+++ Recorded data +++

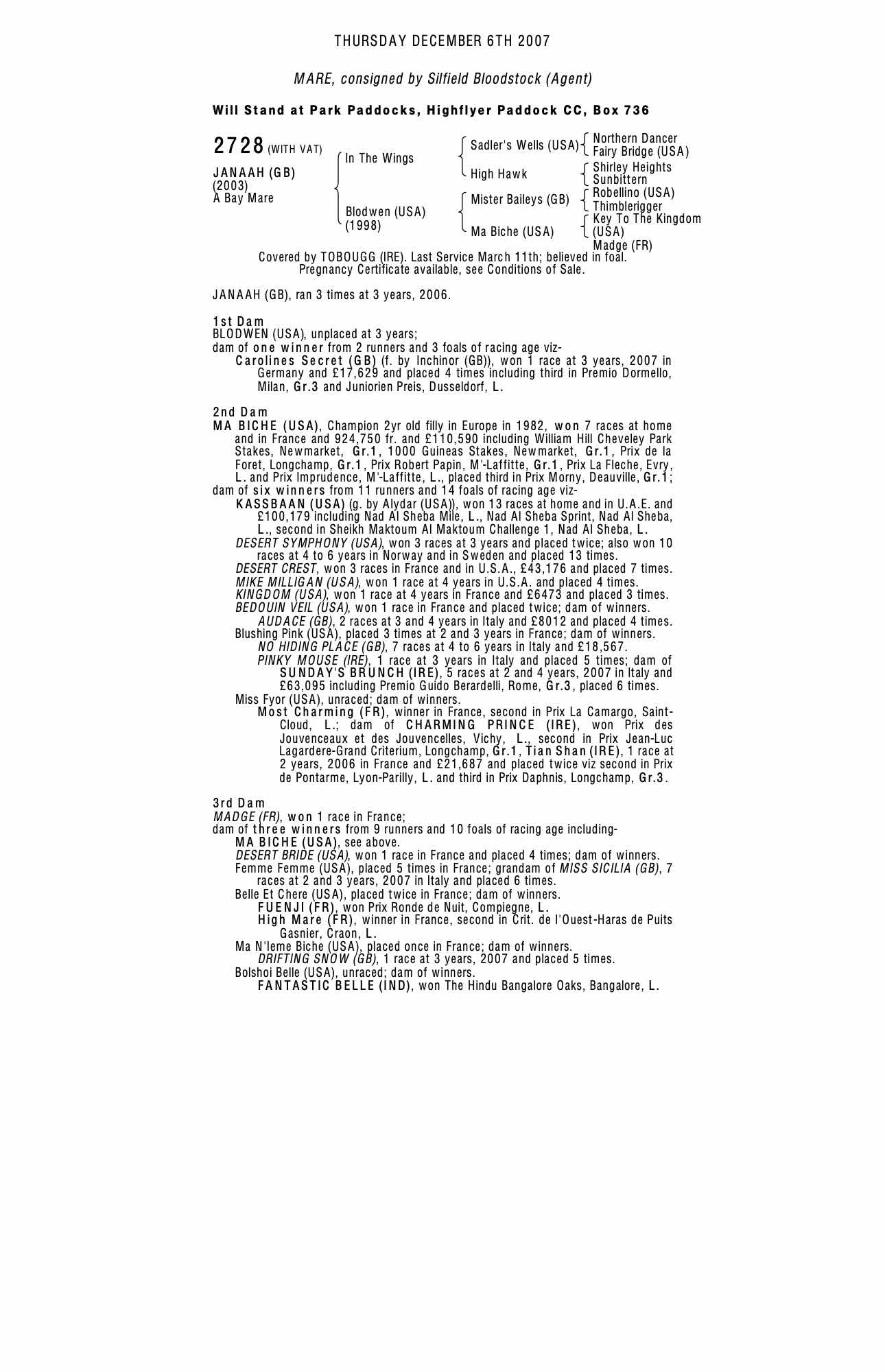 December Mare Sale 2007 lot 2627 Carolines Secret (GB) (F. by Inchinor (GB)), The Castlebridge Consignment=>Lot Not Sold 48,000 gns
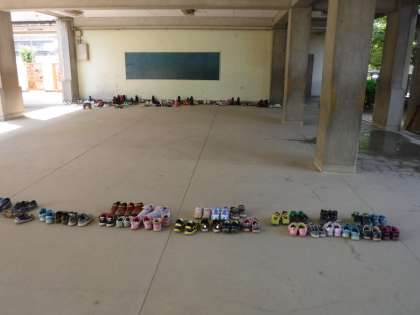 例によってピロティにきれいに靴を並べて講堂で取り組んでいます。
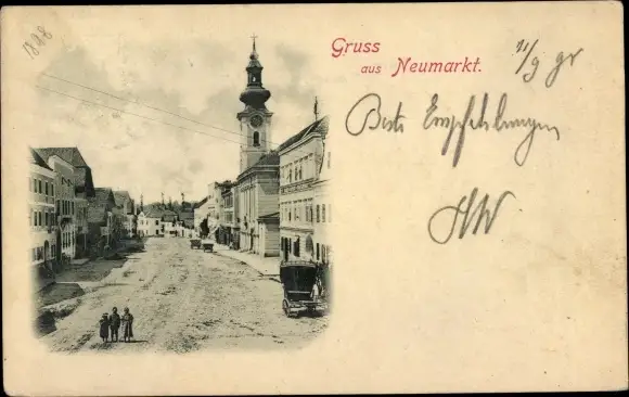 Ak Neumarkt in der Steiermark, Straßenpartie mit Kirche

+++

■ **Task to carry out**
Produce the data again character for character, with the images left out.

■ **Completed exercise**
 December Mare Sale 2007 lot 2627 Carolines Secret (GB) (F. by Inchinor (GB)), The Castlebridge Consignment=>Lot Not Sold 48,000 gns
 例によってピロティにきれいに靴を並べて講堂で取り組んでいます。
 Ak Neumarkt in der Steiermark, Straßenpartie mit Kirche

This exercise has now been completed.